As Ms. Gerety recalled in a 1988 interview with a co-worker, Howard Davis, she had just finished a series of ads and was headed to bed when she realized that she had forgotten to create a signature line. Exhausted, she said “Dear God, send me a line,” and scribbled something on a slip of paper. When she woke up and saw what she had written, she thought it was just O.K.

A few hours later, she presented her idea at a meeting. According to her, “Nobody jumped.” It’s hard to imagine a time when diamond engagement rings were not the norm. Last year, Americans spent almost $7 billion on the rings. But in 1938, when a De Beers representative wrote to N. W. Ayer to inquire whether “the use of propaganda in various forms” might boost the sale of diamonds in the United States, their popularity had been on a downward trend, in part because of the Depression.

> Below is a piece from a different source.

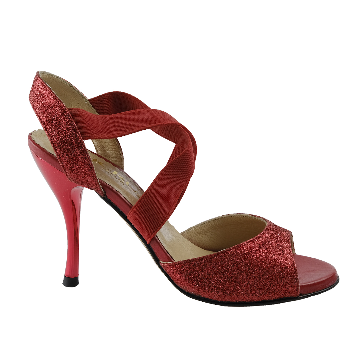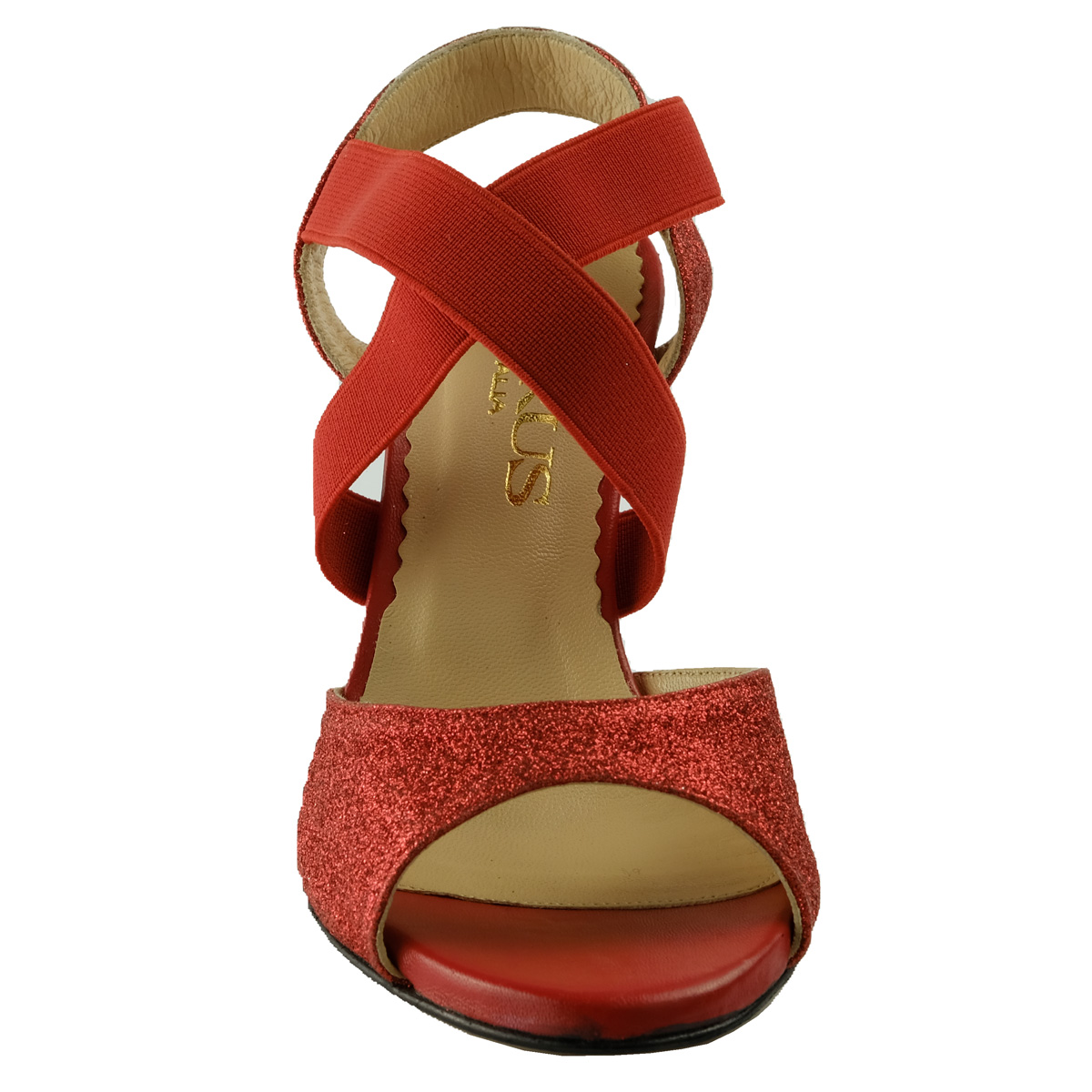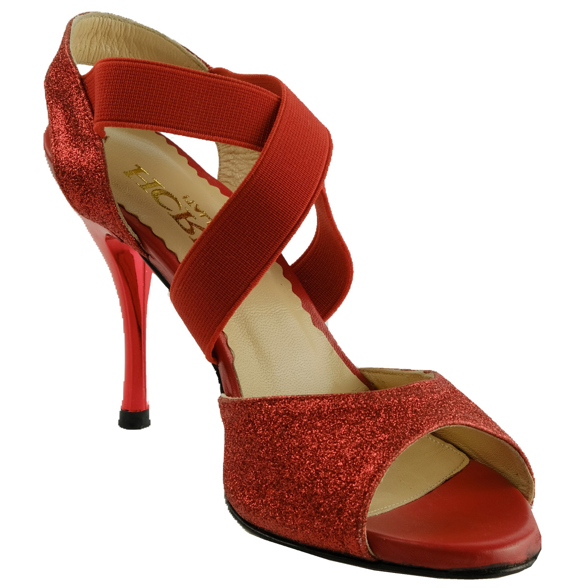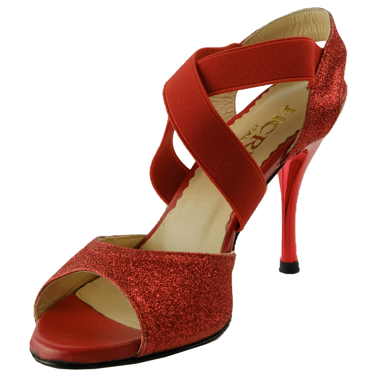 Die praktischste Erfindung seit es Tangoschuhe gibt... schnell rein und schnell raus mit den Modellen der "Elasticos"-Serie. Kein lästiges Auf- und Zumachen mehr in der halbdunklen Milonga. In LA TANA schlüpfst Du in Sekunden und verpasst keinen Takt Deiner Lieblingstanda. 90 mm Absatz. Die Sohle wie immer extrem gut abgeschäumt mit einer Schäumung mit hoher Dichte. So bleibt sie lange schön stabil, pflanzengefärbt in Europa. Eine griffige Ledersohle und gute Statik, hier in rot oder silber Glitzer vorn mit einer Slingferse mit praktischen Elastikbändern über dem Spann gekreuzt - kein lästiges Auf und Zumachen von kleinen Schnallen in dunklen Milongas mehr !! - das Elastik ist haltbar und engt nicht ein.

N.W. Ayer conducted extensive surveys of consumer attitudes and found that most Americans thought diamonds were a luxury for the ultra-wealthy. Women wanted their men to spend money on “a washing machine, or a new car, anything but an engagement ring,” Ms. Gerety said in 1988. “It was considered just absolutely money down the drain.”

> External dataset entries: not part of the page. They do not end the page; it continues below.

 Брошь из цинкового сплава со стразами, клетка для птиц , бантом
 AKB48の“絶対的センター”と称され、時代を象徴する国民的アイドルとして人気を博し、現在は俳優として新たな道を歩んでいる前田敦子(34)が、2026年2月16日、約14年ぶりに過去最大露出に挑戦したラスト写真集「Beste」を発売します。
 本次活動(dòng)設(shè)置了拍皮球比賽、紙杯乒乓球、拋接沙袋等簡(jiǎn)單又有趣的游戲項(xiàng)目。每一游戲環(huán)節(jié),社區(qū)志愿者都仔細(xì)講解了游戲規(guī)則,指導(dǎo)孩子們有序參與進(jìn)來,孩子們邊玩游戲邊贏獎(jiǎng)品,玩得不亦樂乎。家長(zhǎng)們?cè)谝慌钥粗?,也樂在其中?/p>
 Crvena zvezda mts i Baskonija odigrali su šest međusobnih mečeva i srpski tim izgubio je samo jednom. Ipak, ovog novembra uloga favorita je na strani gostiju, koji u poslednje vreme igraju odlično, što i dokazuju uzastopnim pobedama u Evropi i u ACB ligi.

Still, the agency set an ambitious goal: “to create a situation where almost every person pledging marriage feels compelled to acquire a diamond engagement ring.”

“Sentiment is essential to your advertising, as it is to your product,” it counseled De Beers in a memo, “for the emotional connotation of the diamond is the one competitive advantage which no other product can claim or dispute.”

Meanwhile, Ms. Dignam was busy making sure average consumers saw diamonds everywhere. Her theory was that “the big ones sell the little ones.”

In the 1950s, N. W. Ayer started lending jewels to socialites and starlets for the Academy Awards and the Kentucky Derby. The campaign was a success from the start. After just two years, the sale of diamonds in the United States increased by 55 percent. In its 1951 annual report, N. W. Ayer noted that, “for a number of years we have found evidence that the diamond engagement ring tradition is consistently growing stronger. Jewelers now tell us ‘a girl is not engaged unless she has a diamond engagement ring.’ ”

http://www.nytimes.com/2013/05/05/fashion/weddings/how-americans-learned-to-love-diamonds.html?pagewanted=all&_r=0

“A Diamond Is Forever,” has appeared in every De Beers engagement ad since 1948. In 1999, two weeks before the never married Ms. Gerety died at the age of 83, Advertising Age named it the slogan of the century.